Breathless, le ciné coréen à bout de souffle

Par Fredp @FredMyscreens

Il y a quelques semaines, j’ai reçu le DVD de Breathless à tester. Mais voilà, n’arrivant pas du tout à plonger dans le film, impossible alors d’écrire une ligne dessus. C’est donc @alexandremathis de Plan-C, beaucoup plus adepte et connaisseur de ce type de films, qui vous en parlera à ma place.

Que s’est-il passé en Corée pour que la violence y soit si souvent présente ? Thème incroyablement récurent, la violence transpire de partout dans Breathless. Une crudité des mots et des actes incommensurable se dégage de ce premier film de l’autodidacte Yank Ik-June. Le réalisateur-acteur principal de ce film portraitise de manière unique un pays aux obsessions sombres. Véritable catharsis avouée, Breathless métaphorise les plaies d’un pays qui ne cesse de ressasser sa défiance envers les autorités, son rapport au crime et à la famille délicat, ses bisbilles au langage fleuri. Souvent cela prend la forme du polar (Old Boy, No Mercy, Memories of Murder, Mother).

On peut aussi penser à du Kitano en plus sérieux. Ici, pas moyen de sourire de la cruauté, au contraire. Le personnage principal construit par l’acteur-réalisateur n’est en rien sympathique. La violence dégoute dès la première scène. Les mots durs fusent, le machisme dégouline tout de suite. Breathless voudrait-il se faire détester ? Passé le choc, on se rend compte que c’est tout un portrait de société qui transparait. A travers la figure du père, la violence se transmet. D’où ces femmes rebelles de l’autorité dans le cinéma coréen (The Housemaid, Mother). Car il leur faut sortir d’un machisme prégnant. Dans Breathless, la jeune lycéenne qui tient tête au caïd qu’est le (anti)-héros Sang-hoo fait figure de mauvaise élève, de mauvaise femme au foyer. Son frère, sale con absolu, refuse son argent par fierté si ça l’arrange.

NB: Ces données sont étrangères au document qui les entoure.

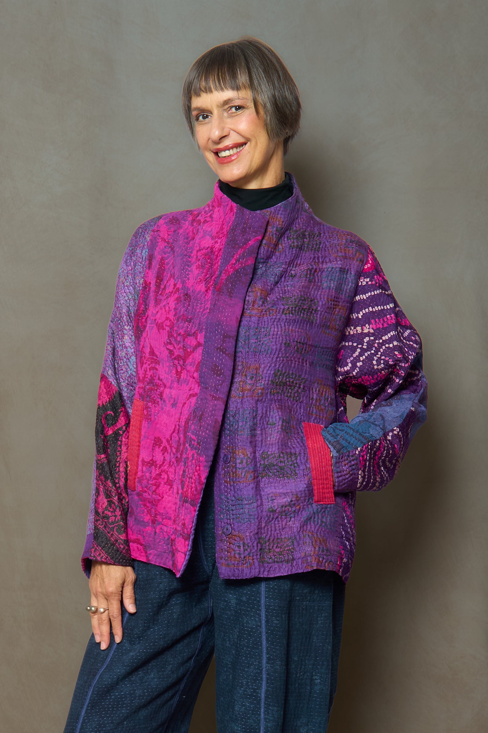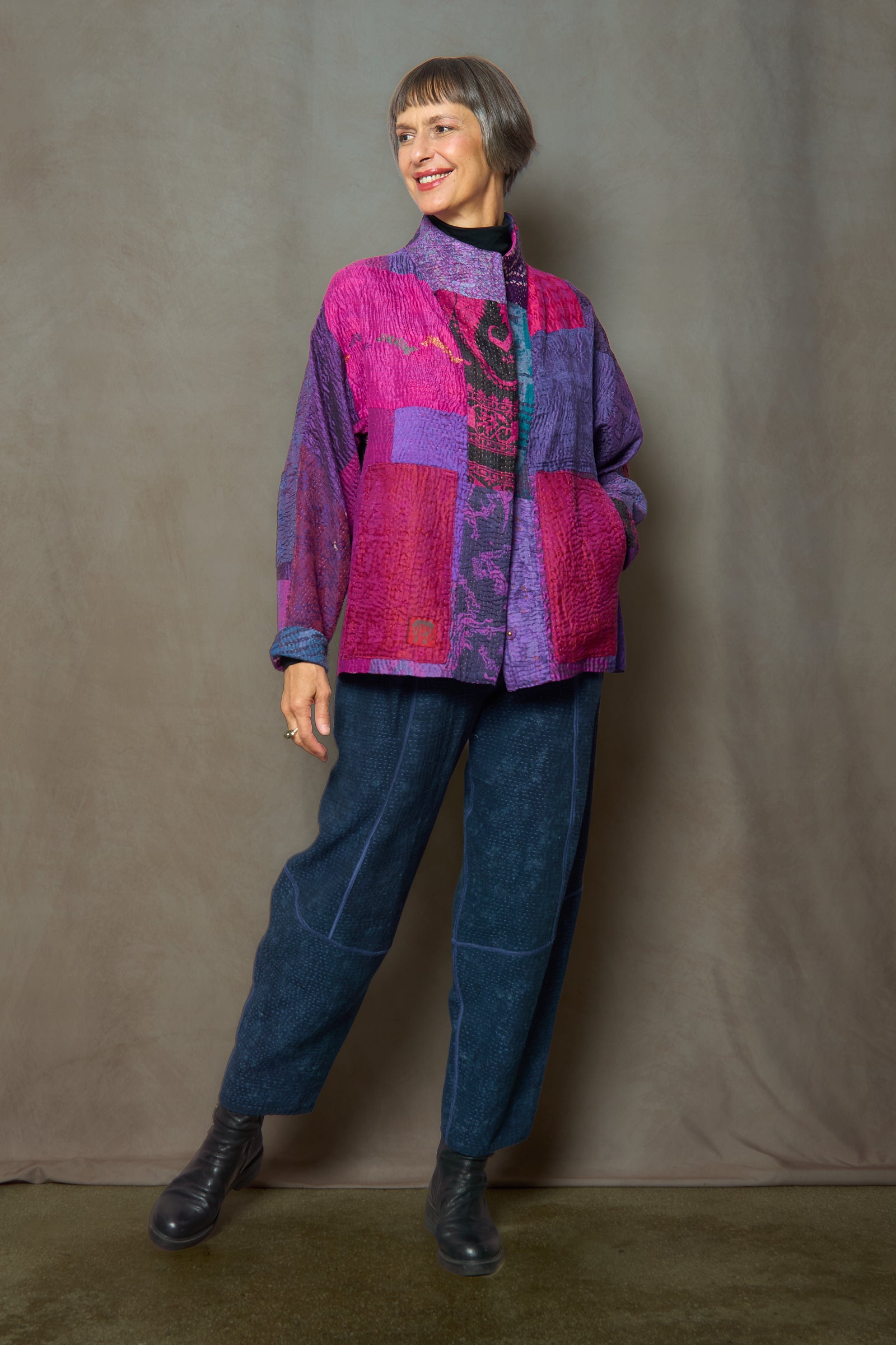 4 Layer Vintage Saris with Hand Stitches on Entire Garment - Reversible
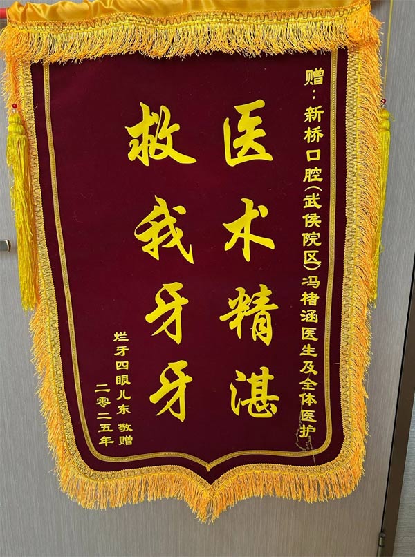 馮楮涵醫(yī)生強(qiáng)調(diào):“小文的情況是個(gè)很好的正面教材。齲齒作為最高發(fā)的口腔疾病,初期往往不痛不癢,容易被忽略。但他一發(fā)現(xiàn)異常就及時(shí)就醫(yī),這為我們爭(zhēng)取了實(shí)施保守治療的機(jī)會(huì)窗口。如果一拖再拖,等到牙髓發(fā)生感染、出現(xiàn)自發(fā)痛或夜間痛,那時(shí)就真的只能進(jìn)行根管治療了。早一步處理,不僅痛苦小、療程短,更意味著更多的治療選擇和更好的遠(yuǎn)期效果。”治療結(jié)束后,小文對(duì)效果非常滿意,特意定制了錦旗表達(dá)謝意。“這面錦旗不僅是感謝他們能理解我的顧慮,更是希望他們的專業(yè)和耐心能幫助更多人。”
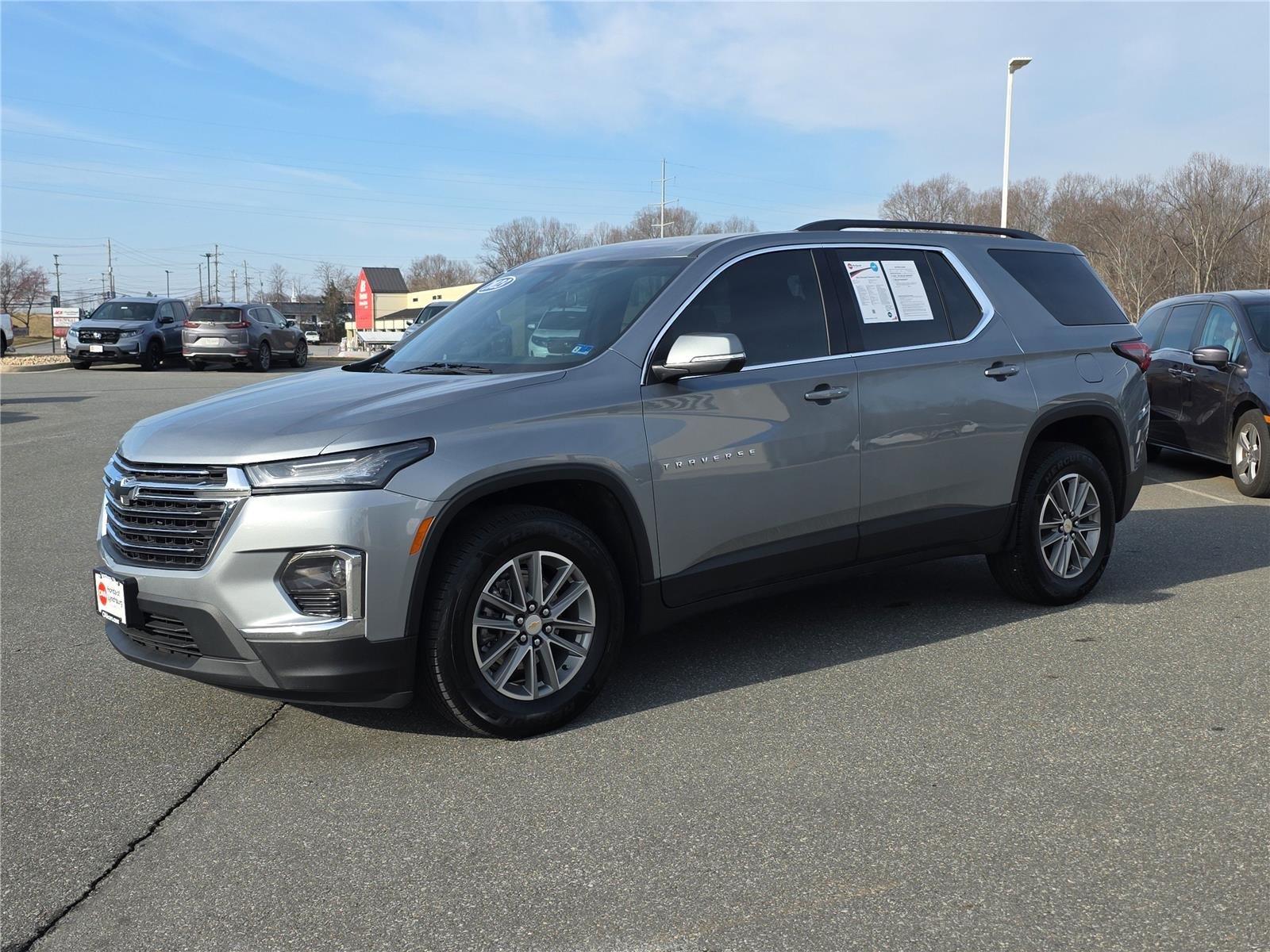 Thank you for choosing CMA's Honda of Lynchburg, this Silver Sage Metallic 2023 Chevrolet Traverse LT Cloth is a great choice! Check out the following: No Accidents! One Owner! City 18/ Hwy 27. Convenience and Driver Confidence Package ($1,295 value). Remote Start. Chevrolet Infotainment 3 Plus System Radio. Heated Driver and Front Passenger Seats. Rear Power Liftgate. 4.2" Multi-Color Enhanced Driver Instrument Display. Universal Home Remote. Preferred Equipment Group 1LT. Safety and Security. Forward collision mitigation - Forward thinking. Pedestrian impact prevention - An extra step toward safety. Technology and Telematics. Smart device mirroring - Smartphone, meet smart car. Apple CarPlay/Android Auto smart device wireless mirroring. Mobile hotspot - WiFi on the fly. Connect your devices to the Internet through your vehicle's private mobile hotspot and take the internet wherever your journey takes you, without eating up your data allowance. Find the hotspot with mobile hotspot. To be sure you don't miss out, give us a call at and schedule a test drive. We are located at 2634 Lakeside Drive Lynchburg VA 24501. We look forward to seeing you soon!

La violence en générale devient un véritable langage, comme l’expression de rancœur enfouie dans le pays. La violence si souvent illustrée trouve ici un réceptacle tout à fait unique. Celui d’un homme qui reproduit les dérives paternelles. Elles sont comme un cancer transgénérationelle, elles empêchent le pays de se bercer dans un bonheur illusoire. Mais le rapport au père s’avère bien plus complexe encore. Rejeté en bloc dans un premier temps, il devient peu à peu indispensable. En témoigne cette très belle scène en restaurant où Sang-hoon préconise à sa sœur de retrouver un père pour son neveu. Quelques minutes plus tard, c’est son propre géniteur qu’il tabasse sous les yeux effaré du neveu. L’ambiguïté latente de Breathless permet de tutoyer pas mal de sujets de société. Il dépasse le cadre linéaire d’une rencontre de deux opposés (lycéenne, caïd) pour croiser à volonté leurs expériences de (sur)vie tout en pudeur. Jamais le film ne sombre dans le tire larme putassier.

Il tient même par son exubérance assumée nivelée au fil de l’histoire. Yank Ik-June, survolté, est toujours à la limite d’en faire trop. Les autres rôles, tous magnifiques, trouvent leur propre tonalité en fonction du personnage échu. Si le parcours semble malgré tout un peu longuet, et que la mise en situation n’est pas des plus aisées, le travail de naturalisme permet au spectateur de rentrer de plein pied dans le film. Jamais la caméra ne se pose, même quand l’intrigue respire. Comme si le cheminement terrestre de ces personnages fusait à tout vitesse, sans se rendre compte de l’aspect précieux de leur existence. Les sourires ne sont que plus beaux, sincères, mais tellement annonciateurs de moment plus sombres. La relation oncle/neveu est à ce titre émouvante, avec cet enfant qui le fait passer pour un père ingrat histoire d’avoir un papa près de lui et de ne pas trop perdre la face avec ses copains. Au même titre que le Corée, coupée en son sein, définitivement obligée de se montrer en publique plus belle qu’elle se l’est intérieurement. Il faudra un jour qu’un psychiatre s’occupe des fêlures de cet appendice géographique de l’Asie, il en a bien besoin.

Un petit mot du dvd, qui profite d’un choix de piste son 2.0 ou 5.1 et d’une image tout à fait correcte. On signalera aussi la présence d’une analyse de Charles Tesson, critique cinéma et historien qui parle très bien du film.